De leden van de SGP-fractie zijn blij dat de regering geen voorstel heeft gedaan om de veertiendagengrens te verruimen. Tegelijkertijd lezen zij dat dit vooral te maken had met de demissionaire status van het kabinet ten tijde van het advies van de Gezondheidsraad. Zij vragen de regering daarom of zij alsnog van plan is om een wetsvoorstel in te dienen om de veertiendagengrens aan te passen.

3.4 Toetsing door de CCMO

De leden van de ChristenUnie-fractie vragen of de Medisch-Ethische Toetsingscommissies (METC’s) voldoende toegerust zijn en voldoende expertise hebben om onderzoek met lichaamsmateriaal te toetsen?
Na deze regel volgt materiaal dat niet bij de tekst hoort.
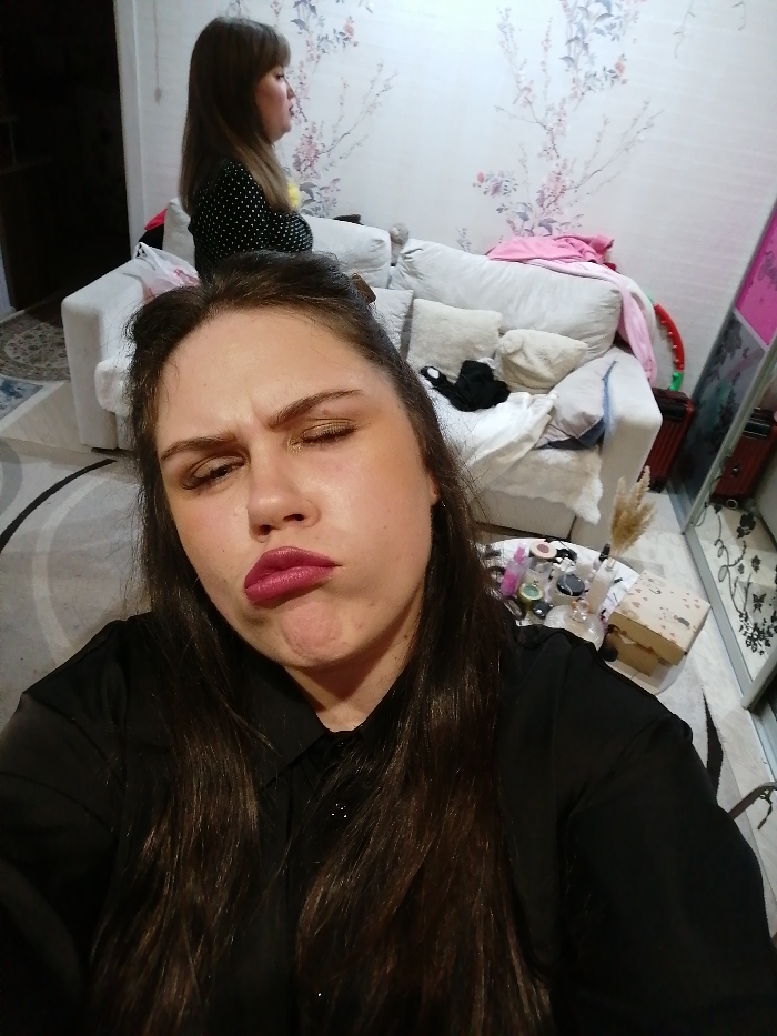 This image, captured in an indoor setting in Chaikovsky, Russia, features two adult females. In the foreground, a woman with long, dark brown hair, wearing a black collared shirt, directly faces the camera with a "pout" expression: her lips are pursed and coated with dark red lipstick, her eyebrows are furrowed, and her eyes are partially closed, with golden eyeshadow visible on her right eyelid. Behind her, a second woman with medium brown hair and bangs is seated on a light-colored, upholstered sofa, facing right in profile with her arms crossed. She wears a dark top with white polka dots. The sofa appears disheveled, covered with cushions and several articles of clothing, including a pink top and a white shirt. The wall behind the sofa is adorned with light-toned wallpaper featuring a pattern of dark branches and pink blossoms. To the right of the foreground subject, a small surface, possibly a table, displays an array of cosmetic products, brushes, and a decorative element resembling dried pampas grass. A partial view of a dark-framed mirror is visible on the far right, reflecting parts of the room. The floor is covered by a patterned rug with concentric circles in shades of white, grey, and black.

Hoofdstuk 4. Overige wijzigingen

4.1 Regulering van mens-diercombinaties

De leden van de GroenLinks-PvdA-fractie hebben kennisgenomen van de voorgenomen wijziging met betrekking tot de regulering van mens-diercombinaties. Kan de regering nader toelichten welke belangenafweging zij hierbij hebben gemaakt? Kan de regering tevens toelichten welke rol subsidiariteit en proportionaliteit hebben gespeeld in deze belangenafweging? Kan de regering reflecteren op enerzijds de wenselijkheid van mens-menscombinaties ten opzichte van mens-diercombinaties en anderzijds de wenselijkheid van dier-diercombinaties ten opzichte van mens-diercombinaties?
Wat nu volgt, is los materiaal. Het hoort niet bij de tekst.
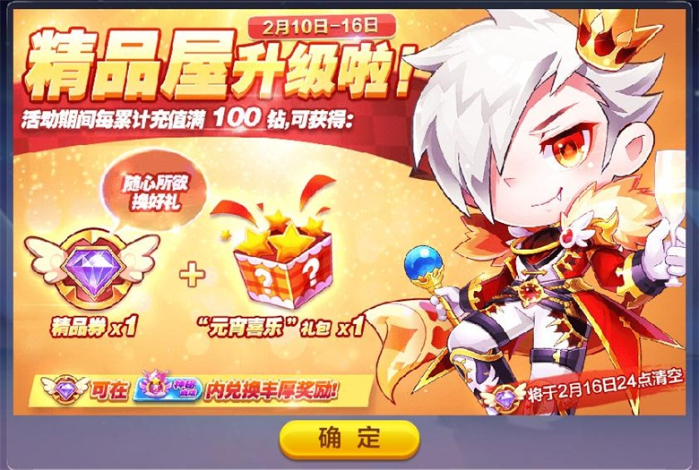 活动内容:活动期间,游戏内每日累计充值满100钻(不含返利部分),送精品券*1,不限次数,当日充值额度每日00:00刷新,精品券可在神秘商店精品屋兑换超多壕礼!
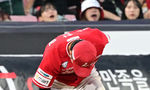 [OSEN=수원, 김성락 기자] 7일 오후 수원 KT위즈파크에서 ‘2025 신한 SOL Bank KBO리그’ KT 위즈와 SSG 랜더스의 경기가 열렸다.이날 홈팀 KT는 선발투수로 고영표, 방문팀 SSG는 앤더슨을 내세웠다. 8회말 2사 1루 KT 오윤석의 3루수 땅볼

De leden van de SP-fractie vragen de regering welke mogelijkheden via dit wetsvoorstel bestaan voor onderzoek naar xenotransplantatie. In hoeverre kunnen de mogelijkheden op dit gebied op een verantwoorde manier worden onderzocht en ontwikkeld binnen de grenzen van dit wetsvoorstel?

De leden van de SGP-fractie vinden het terecht dat de regering ervoor gekozen heeft om mens-diercombinaties niet onder te brengen onder de Embryowet. Tegelijkertijd menen zij wel dat er spoedig grenzen moet worden gesteld aan deze entiteiten. Zij zien dan ook uit naar de verdere behandeling van de Wzl op dit punt.
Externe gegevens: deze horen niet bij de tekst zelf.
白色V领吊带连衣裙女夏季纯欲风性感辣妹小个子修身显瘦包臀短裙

De leden van de ChristenUnie-fractie missen in de voorstellen tot regulering van mens-diercombinaties een ethische beschouwing van het maken van chimaeren. Zij wijzen erop dat de Gezondheidsraad in 2019 heeft geadviseerd een toetsingskader voor onder andere de ethische en maatschappelijke aanvaardbaarheid te ontwikkelen. Deze leden vragen naar de status van dit toetsingskader en hoe deze wordt of zal worden toegepast?

4.2 Wetenschappelijk onderzoek met foetussen

De leden van de PVV-fractie stellen dat de wet onderscheid maakt tussen niet-invasief en invasief onderzoek met foetussen, waarbij invasief onderzoek alleen mag plaatsvinden als het niet uitgesteld kan worden tot na de geboorte. De leden van de PVV-fractie willen graag weten hoe wordt bepaald of een bepaalde medische ingreep echt niet uitgesteld kan worden?

De leden van de D66-fractie vragen de regering om nader toe te lichten waarom bij een prenatale behandeling die niet levensreddend is maar wel tot een betere prognose leidt dan wachten met de behandeling tot na de geboorte, is gekozen om de toetsing door de CCMO (Centrale Commissie Mensgebonden Onderzoek) uit te laten voeren in plaats van de METC (Medisch-Ethische Toetsingscommissie)?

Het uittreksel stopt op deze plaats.